La fin d'une illusion amoureuse


Chez Rodolphe, Emma trouve l’occasion d’échapper à la monotonie de sa vie conjugale et d’explorer cette passion amoureuse qu’elle rêve depuis toujours sans l’avoir réellement jamais connue. Ansi, Emma se fie à Rodolphe, elle ressent des sentiment profonds et désire fuir avec lui, afin d’être vraiment heureuse. Son mari Charles ne sera jamais le héros qu’elle tant aimait dans les  romans de son adolescence.

De son côté, Rodolphe n’est pas du même avis:

– Quel imbécile je suis ! fit-il en jurant épouvantablement. N’importe, c’était une jolie maîtresse ! 
Et, aussitôt, la beauté d’Emma, avec tous les plaisirs de cet amour, lui réapparurent. D’abord il s’attendrit, puis il se révolta contre elle. 
– Car enfin, exclamait-il en gesticulant, je ne peux pas m’expatrier, avoir la charge d’une enfant. 
Il se disait ces choses pour s’affermir davantage. 
– Et, d’ailleurs, les embarras, la dépense. Ah ! non, non, mille fois non ! cela eût été trop bête ! 

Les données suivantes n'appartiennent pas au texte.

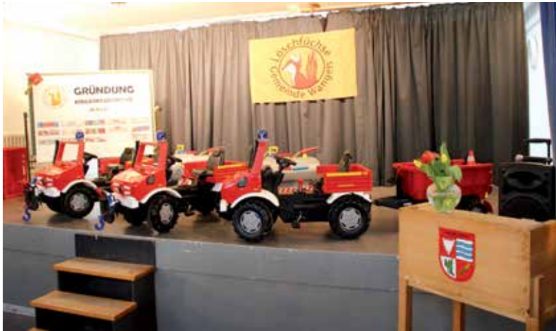
Gründungsurkunde, Löschfuchse-Logo und die altersgerechten Einsatzfahrzeuge der Kinderfeuerwehr
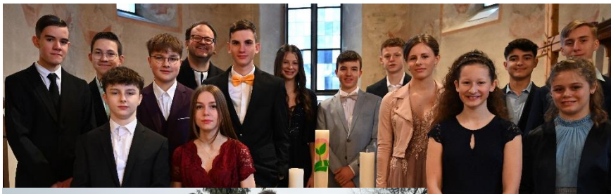
Konfirmation vom 26. März
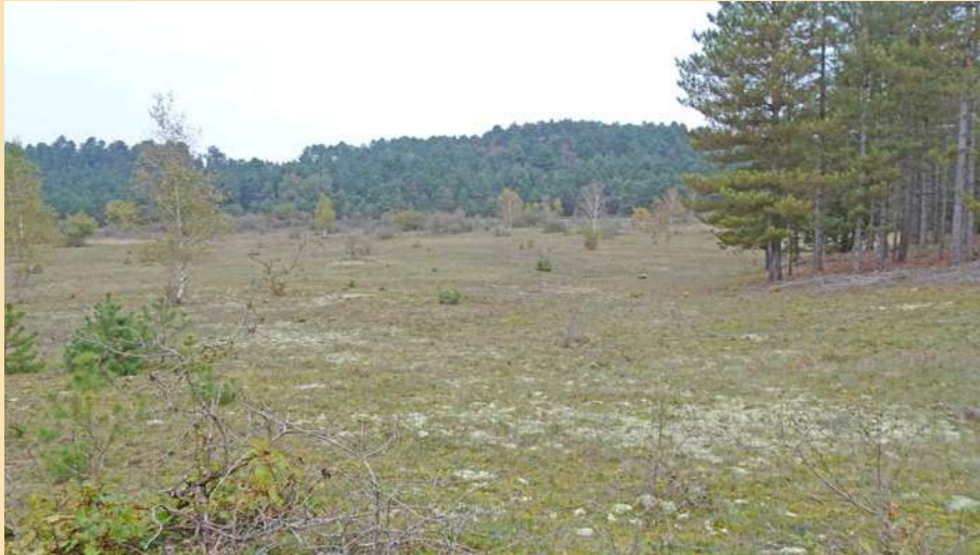
27 octobre 2024
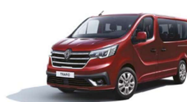
Κόκκινο Carmine (2)
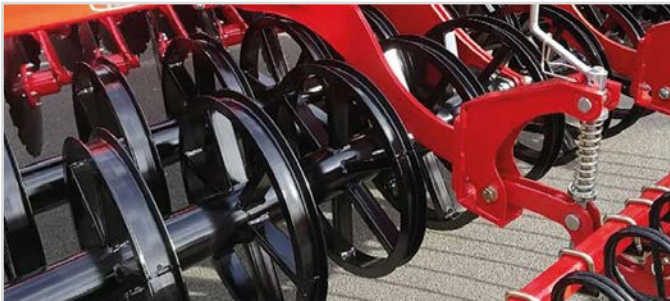
Ø600 mm U-Profilwalze Twin

1* 3 Stck. doppeltwirkende Hydraulikanschlüsse und 1 Stck. einfachwirkender Hydraulikanschluß erforderlich.
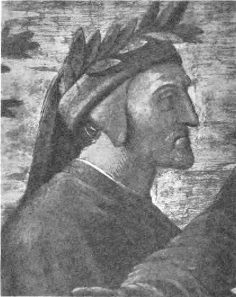
Д А Н Т Е.
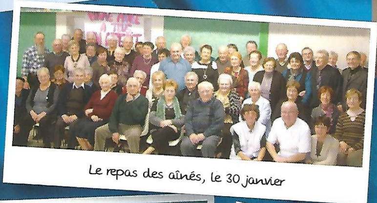
Le repas des aînés, le 30 janvier
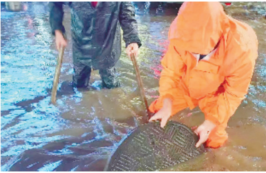
拱墅区半山街道工作人员紧急处置排除积水。

暴雨预警连升两级。这也是杭州今年发布的首个暴雨红色预警信号。杭州市防指于19时启动防汛Ⅳ级应急响应。
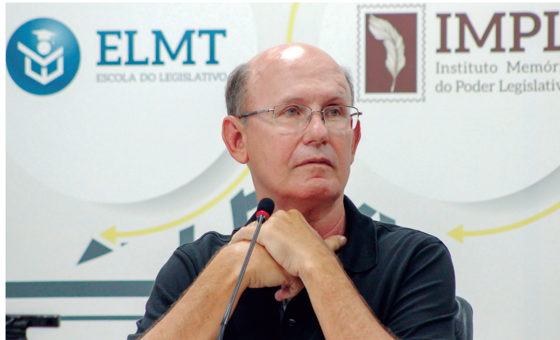
Avallone afirma que foi pressionado pelo interior do estado a desistir da disputa pela prefeitura de Cuiabá

Rodolphe n’est pas amoureux d’Emma. Son « amour » se limite au rapport physique et à la beauté: Emma n’est rien de plus qu’ une « maîtresse » pour lui. S'enfuir avec elle signifierait dépenser son argent et avoir des responsabilités et Rodolphe n’est certainement pas ce que l’on peut appeler  un homme fiable et sérieux. Ils ont deux conceptions d’amour très différentes. 
De plus, on peut remarquer qu’en parlant d’Emma, il utilise déjà le passé. Leur liaison est terminée. Donc Rodolphe décide démolir les châteaux en Espagne de la cette femme :

Il écrivit : « Du courage, Emma ! du courage ! Je ne veux pas faire le malheur de votre existence... » – Après tout, c’est vrai, pensa Rodolphe ; j’agis dans son intérêt ; je suis honnête. [ … ]  Rodolphe s’arrêta pour trouver ici quelque bonne excuse. – Si je lui disais que toute ma fortune est perdue ?... 

Rodolphe lui écrit une lettre pour la quitter ; sa vraie nature, hypocrite et mensongère, émerge:

L’idée seule des chagrins qui vous arrivent me torture, Emma ! Oubliez-moi ! 
[ … ] Ô mon Dieu ! non, non, n’en accusez que la fatalité ! » – Voilà un mot qui fait toujours de l’effet, se dit-il.[ ... ]
« Le monde est cruel, Emma. Partout où nous eussions été, il nous aurait poursuivis.»

Quand Emma lit la lettre, elle en est choquée. Elle ne peut pas croire à ses yeux. Encore moin, quelques jours après, quand,par hasard, elle entrevoit Rodolphe. Tous ses rêves, ses sentiments, ses espoirs sont détruits: c’est un coup trop fort pour elle et sa santé physique et mentale cède:

Emma poussa un cri et tomba roide par terre, à la renverse. En effet, Rodolphe, après bien des réflexions, s’était décidé à partir pour Rouen. [ … ] il lui avait fallu traverser le village, et Emma l’avait reconnu. [...]
Elle s’évanouit encore. [ … ] Elle restait étendue, la bouche ouverte, les paupières fermées, les mains à plat, immobile, et blanche comme une statue de cire. Il sortait de ses yeux deux ruisseaux de larmes qui coulaient lentement sur l’oreiller. [ … ]
On crut qu’elle avait le délire ; elle l’eut à partir de minuit : une fièvre cérébrale s’était déclarée.

Jennifer Jones, Madame Bovary (1949)

Celui qui se fait vraiment du souci pour Emma, c’est son mari Charles qui, comme tous les hommes qui tiennent pour acquis la félicité et la joie de leur femme,  ignore - dans sa « cécité » -, la vraie raison du mal-être de sa femme adorée.